- _Problem details_
Nothing in the records should be altered; retype them all exactly.

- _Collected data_
§

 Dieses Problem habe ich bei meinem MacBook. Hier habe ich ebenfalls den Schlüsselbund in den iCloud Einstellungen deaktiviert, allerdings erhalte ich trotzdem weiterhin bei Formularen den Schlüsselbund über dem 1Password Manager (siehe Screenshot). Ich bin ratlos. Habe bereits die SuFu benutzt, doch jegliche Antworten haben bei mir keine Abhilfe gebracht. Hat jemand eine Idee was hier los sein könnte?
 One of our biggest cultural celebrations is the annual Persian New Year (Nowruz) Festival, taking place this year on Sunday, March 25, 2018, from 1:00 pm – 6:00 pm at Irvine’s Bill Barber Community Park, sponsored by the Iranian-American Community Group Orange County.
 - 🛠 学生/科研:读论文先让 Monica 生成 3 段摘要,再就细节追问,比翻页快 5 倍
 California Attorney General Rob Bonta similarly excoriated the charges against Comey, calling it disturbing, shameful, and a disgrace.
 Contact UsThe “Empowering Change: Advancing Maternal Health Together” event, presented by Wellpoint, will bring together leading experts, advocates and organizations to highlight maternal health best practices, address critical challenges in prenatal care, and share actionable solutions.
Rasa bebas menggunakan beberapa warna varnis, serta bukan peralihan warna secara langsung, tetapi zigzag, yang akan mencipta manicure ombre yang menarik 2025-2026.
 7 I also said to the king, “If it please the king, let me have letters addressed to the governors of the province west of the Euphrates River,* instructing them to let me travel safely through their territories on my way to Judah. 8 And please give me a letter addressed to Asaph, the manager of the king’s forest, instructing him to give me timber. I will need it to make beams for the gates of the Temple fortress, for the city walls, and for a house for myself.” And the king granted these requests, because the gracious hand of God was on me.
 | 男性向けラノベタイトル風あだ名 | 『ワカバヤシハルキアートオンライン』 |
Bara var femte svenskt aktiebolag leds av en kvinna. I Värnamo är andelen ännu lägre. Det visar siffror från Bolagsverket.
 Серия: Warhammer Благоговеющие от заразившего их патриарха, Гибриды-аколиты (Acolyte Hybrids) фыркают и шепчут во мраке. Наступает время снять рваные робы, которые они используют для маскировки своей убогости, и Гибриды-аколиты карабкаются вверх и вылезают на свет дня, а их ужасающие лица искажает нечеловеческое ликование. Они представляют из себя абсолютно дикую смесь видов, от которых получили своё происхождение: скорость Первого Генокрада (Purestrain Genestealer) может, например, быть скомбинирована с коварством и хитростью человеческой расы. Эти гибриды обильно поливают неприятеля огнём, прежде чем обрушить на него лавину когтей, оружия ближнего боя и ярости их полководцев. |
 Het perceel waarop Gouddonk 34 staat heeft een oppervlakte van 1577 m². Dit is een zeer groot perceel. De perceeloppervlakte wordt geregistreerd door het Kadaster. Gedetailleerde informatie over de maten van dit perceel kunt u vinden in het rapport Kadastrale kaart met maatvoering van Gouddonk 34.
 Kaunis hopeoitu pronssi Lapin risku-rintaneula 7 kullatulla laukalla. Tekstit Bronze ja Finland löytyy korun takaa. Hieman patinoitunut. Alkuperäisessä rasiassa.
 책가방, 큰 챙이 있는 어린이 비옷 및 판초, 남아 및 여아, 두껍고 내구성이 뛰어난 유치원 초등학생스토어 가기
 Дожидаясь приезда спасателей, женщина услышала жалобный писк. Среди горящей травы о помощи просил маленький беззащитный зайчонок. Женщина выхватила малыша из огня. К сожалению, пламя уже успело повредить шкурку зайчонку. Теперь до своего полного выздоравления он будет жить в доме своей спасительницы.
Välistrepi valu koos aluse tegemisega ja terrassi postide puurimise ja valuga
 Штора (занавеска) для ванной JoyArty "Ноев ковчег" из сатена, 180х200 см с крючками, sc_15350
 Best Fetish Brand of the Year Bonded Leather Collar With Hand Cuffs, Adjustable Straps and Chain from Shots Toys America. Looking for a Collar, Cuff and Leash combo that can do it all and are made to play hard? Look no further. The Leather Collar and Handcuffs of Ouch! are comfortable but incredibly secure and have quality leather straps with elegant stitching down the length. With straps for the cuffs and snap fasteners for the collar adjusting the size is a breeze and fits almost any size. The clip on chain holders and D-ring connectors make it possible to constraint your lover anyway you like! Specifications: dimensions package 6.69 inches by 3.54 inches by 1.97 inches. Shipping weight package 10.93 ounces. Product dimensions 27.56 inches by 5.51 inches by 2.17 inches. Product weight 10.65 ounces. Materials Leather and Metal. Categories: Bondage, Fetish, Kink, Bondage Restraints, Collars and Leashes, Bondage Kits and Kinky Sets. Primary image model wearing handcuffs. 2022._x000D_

§

- _Solved exercise_
 Dieses Problem habe ich bei meinem MacBook. Hier habe ich ebenfalls den Schlüsselbund in den iCloud Einstellungen deaktiviert, allerdings erhalte ich trotzdem weiterhin bei Formularen den Schlüsselbund über dem 1Password Manager (siehe Screenshot). Ich bin ratlos. Habe bereits die SuFu benutzt, doch jegliche Antworten haben bei mir keine Abhilfe gebracht. Hat jemand eine Idee was hier los sein könnte?
 One of our biggest cultural celebrations is the annual Persian New Year (Nowruz) Festival, taking place this year on Sunday, March 25, 2018, from 1:00 pm – 6:00 pm at Irvine’s Bill Barber Community Park, sponsored by the Iranian-American Community Group Orange County.
 - 🛠 学生/科研:读论文先让 Monica 生成 3 段摘要,再就细节追问,比翻页快 5 倍
 California Attorney General Rob Bonta similarly excoriated the charges against Comey, calling it disturbing, shameful, and a disgrace.
 Contact UsThe “Empowering Change: Advancing Maternal Health Together” event, presented by Wellpoint, will bring together leading experts, advocates and organizations to highlight maternal health best practices, address critical challenges in prenatal care, and share actionable solutions.
Rasa bebas menggunakan beberapa warna varnis, serta bukan peralihan warna secara langsung, tetapi zigzag, yang akan mencipta manicure ombre yang menarik 2025-2026.
 7 I also said to the king, “If it please the king, let me have letters addressed to the governors of the province west of the Euphrates River,* instructing them to let me travel safely through their territories on my way to Judah. 8 And please give me a letter addressed to Asaph, the manager of the king’s forest, instructing him to give me timber. I will need it to make beams for the gates of the Temple fortress, for the city walls, and for a house for myself.” And the king granted these requests, because the gracious hand of God was on me.
 | 男性向けラノベタイトル風あだ名 | 『ワカバヤシハルキアートオンライン』 |
Bara var femte svenskt aktiebolag leds av en kvinna. I Värnamo är andelen ännu lägre. Det visar siffror från Bolagsverket.
 Серия: Warhammer Благоговеющие от заразившего их патриарха, Гибриды-аколиты (Acolyte Hybrids) фыркают и шепчут во мраке. Наступает время снять рваные робы, которые они используют для маскировки своей убогости, и Гибриды-аколиты карабкаются вверх и вылезают на свет дня, а их ужасающие лица искажает нечеловеческое ликование. Они представляют из себя абсолютно дикую смесь видов, от которых получили своё происхождение: скорость Первого Генокрада (Purestrain Genestealer) может, например, быть скомбинирована с коварством и хитростью человеческой расы. Эти гибриды обильно поливают неприятеля огнём, прежде чем обрушить на него лавину когтей, оружия ближнего боя и ярости их полководцев. |
 Het perceel waarop Gouddonk 34 staat heeft een oppervlakte van 1577 m². Dit is een zeer groot perceel. De perceeloppervlakte wordt geregistreerd door het Kadaster. Gedetailleerde informatie over de maten van dit perceel kunt u vinden in het rapport Kadastrale kaart met maatvoering van Gouddonk 34.
 Kaunis hopeoitu pronssi Lapin risku-rintaneula 7 kullatulla laukalla. Tekstit Bronze ja Finland löytyy korun takaa. Hieman patinoitunut. Alkuperäisessä rasiassa.
 책가방, 큰 챙이 있는 어린이 비옷 및 판초, 남아 및 여아, 두껍고 내구성이 뛰어난 유치원 초등학생스토어 가기
 Дожидаясь приезда спасателей, женщина услышала жалобный писк. Среди горящей травы о помощи просил маленький беззащитный зайчонок. Женщина выхватила малыша из огня. К сожалению, пламя уже успело повредить шкурку зайчонку. Теперь до своего полного выздоравления он будет жить в доме своей спасительницы.
Välistrepi valu koos aluse tegemisega ja terrassi postide puurimise ja valuga
 Штора (занавеска) для ванной JoyArty "Ноев ковчег" из сатена, 180х200 см с крючками, sc_15350
 Best Fetish Brand of the Year Bonded Leather Collar With Hand Cuffs, Adjustable Straps and Chain from Shots Toys America. Looking for a Collar, Cuff and Leash combo that can do it all and are made to play hard? Look no further. The Leather Collar and Handcuffs of Ouch! are comfortable but incredibly secure and have quality leather straps with elegant stitching down the length. With straps for the cuffs and snap fasteners for the collar adjusting the size is a breeze and fits almost any size. The clip on chain holders and D-ring connectors make it possible to constraint your lover anyway you like! Specifications: dimensions package 6.69 inches by 3.54 inches by 1.97 inches. Shipping weight package 10.93 ounces. Product dimensions 27.56 inches by 5.51 inches by 2.17 inches. Product weight 10.65 ounces. Materials Leather and Metal. Categories: Bondage, Fetish, Kink, Bondage Restraints, Collars and Leashes, Bondage Kits and Kinky Sets. Primary image model wearing handcuffs. 2022._x000D_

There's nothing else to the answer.